「親の入れ歯が合わなくて、別の歯医者さんで高価な入れ歯を作ったのですが、痛くて噛めないって言ってるんです。」
「先生、何とか診てもらえませんか?」
当院の患者さんからご相談頂きました。
「一度拝見させてください。」とお返事して、
数週間後にお二人で来院されました。
前の歯医者さんで作った入れ歯を見ると、出来はとても良くて、何かが間違っているというものではありませんでした。
しかし、その患者さんの歯ぐきや顎の骨はやせ細っていて、その高価で良い入れ歯でも痛みが出てしまう状況でした。
その入れ歯を調整して、使えるようになれば、余計なコストもかからないので、まずは今の入れ歯を数回に渡って調整しました。
しかし、残念ながら痛みが完全になくなることはありませんでした。
当院は通常の入れ歯を何度調整しても、痛くて噛めない方には、シリコン入れ歯をご提案しています。
ここでひとつ大事なことなんですが、シリコン入れ歯を作れば、必ず痛くないというわけではありません。
シリコン入れ歯は、作り方がとても大事です。
単に「痛みが取れないなら、シリコンで作ればいい。」と安易に手を付けると、患者さんの信頼を損ねます。
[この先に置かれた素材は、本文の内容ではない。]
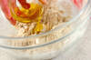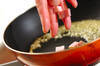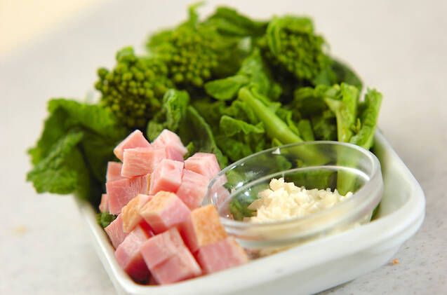 <具材>を作る。菜の花は長さを3等分に切る。ベーコンは5mm角に切る。ニンニクはみじん切りにする。
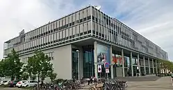 Den Eingang des Gebäudes schmückt seit 2006 der Giraffenmann, eine Plastik von Stephan Balkenhol.[9]
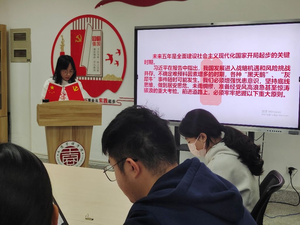 支部副书记许艳萍老师紧扣党的二十大报告原文,从深刻领会党的二十大的主题、主要成果,深刻领会过去五年工作和新时代十年的伟大变革,深刻领会开辟马克思主义中国化时代化新境界,深刻领会中国式现代化的中国特色和本质要求,深刻领会社会主义经济建设、政治建设、文化建设、社会建设、生态文明建设等方面的重大部署,深刻领会坚持党的全面领导和全面从严治党的重大部署,深刻领会以顽强斗争应对风险挑战的要求,深刻领会教育、科技、人才的重大部署,迅速掀起学习宣传贯彻党的二十大精神热潮等九个方面,对党的二十大精神进行系统宣讲和深入阐释。 近日,beat365英国官方网站学生第一党支部副书记许艳萍以“深入学习贯彻党的二十大精神,发挥党员的先锋模范作用”为题作宣讲报告。支部党员及入党积极分子聆听报告。
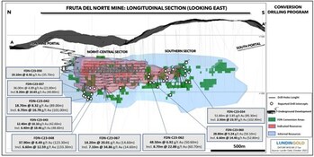 VANCOUVER, BC, Nov. 1, 2023 /CNW/ - Lundin Gold Inc. (TSX: LUG) (Nasdaq Stockholm: LUG) (OTCQX: LUGDF) ("Lundin Gold" or the "Company") today announces recent results from its conversion and near-mine exploration programs at its 100% owned Fruta del Norte ("FDN") gold mine in southeast Ecuador. The 2023 conversion drilling program, targeting Inferred Mineral Resources ("Inferred Resources") within the FDN deposit, has now been concluded and several high-grade results confirm mineralization immediately adjacent to where operations in the mine are currently taking place. In parallel, the near-mine program has successfully advanced in defining and expanding Bonza Sur, a new epithermal system discovered to the south of FDN.

私もセミナーを受けたり、歯科技工士さんに教えてもらいながら、色々と試行錯誤を繰り返して、それなりの結果が伴うようになりました。
ですのでシリコン入れ歯を作る時は、毎回「今回はどうだろう、いけるかな。」というプレッシャーを感じています。
そして今回は、患者さんご本人ではなく、親御さんの治療、しかも既に高額な入れ歯を作って大きな出費されている。
「もしこれで上手くいかなかったら…。」と、普段より大きなプレッシャーを感じました。
しかし「期待してご相談して下さった思いに応えたい。」「今度こそ、痛くなく噛めるようになって欲しい。」という思いから、難しいケースでしたが、引き受けることにしました。
仮の入れ歯作りからスタートし、シリコン入れ歯の完成まで、何度か通って頂きました。
シリコン入れ歯の完成後は、少し痛みが出ましたが、数回の調整で良くなり、痛みが全くなく噛めるようになり、ご本人様から感謝の言葉を頂き、ホッと安堵しました。
ありがたいことに日々の診療でも感謝の言葉を頂いていますが、このように困っていらっしゃる患者さんを何とかして差し上げられた時に、頂く感謝のお言葉は、とても励みになります。
自分に自信と力を与えてくれます。
今の若い世代に方々は、歯が健康で虫歯も減りました。
しかし、私の親世代(昭和20年代生まれ)の方は、まだまだ歯で苦労されている方が多いのが現状です。
20年くらい前に予防歯科の大家といわれる有名な先生のセミナーを受けたことがあります。
そのセミナーで講師の先生が
「過去の治療が多く、悪い箇所が多い人に予防歯科をやっても、もう遅い。」
「そうじゃなくて、まだ歯が悪くない人を、悪くしない予防歯科をしましょう。」
とおっしゃっいました。
その先生は、今まで散々治す治療をしたけれど、何年も経つと結局ダメになることの繰り返しが嫌になって、予防歯科を始めたそうです。
おっしゃっていることの意味は分かるのですが、「歯が悪い人の予防するのは、もう遅い。」と切り捨てるような言い方をされた時に、それまで熱心に講義を聞いていた気持ちが、サーっと覚めていった記憶があります。
「歯が悪くて、苦労をしたけれど、少しでも自分の歯を大切にしたい。」
「これ以上悪くなりたくない。」
と、真剣に思っている方がいらっしゃいます。
そういう方に頼っていただける歯医者でありたいと、いつも思っています。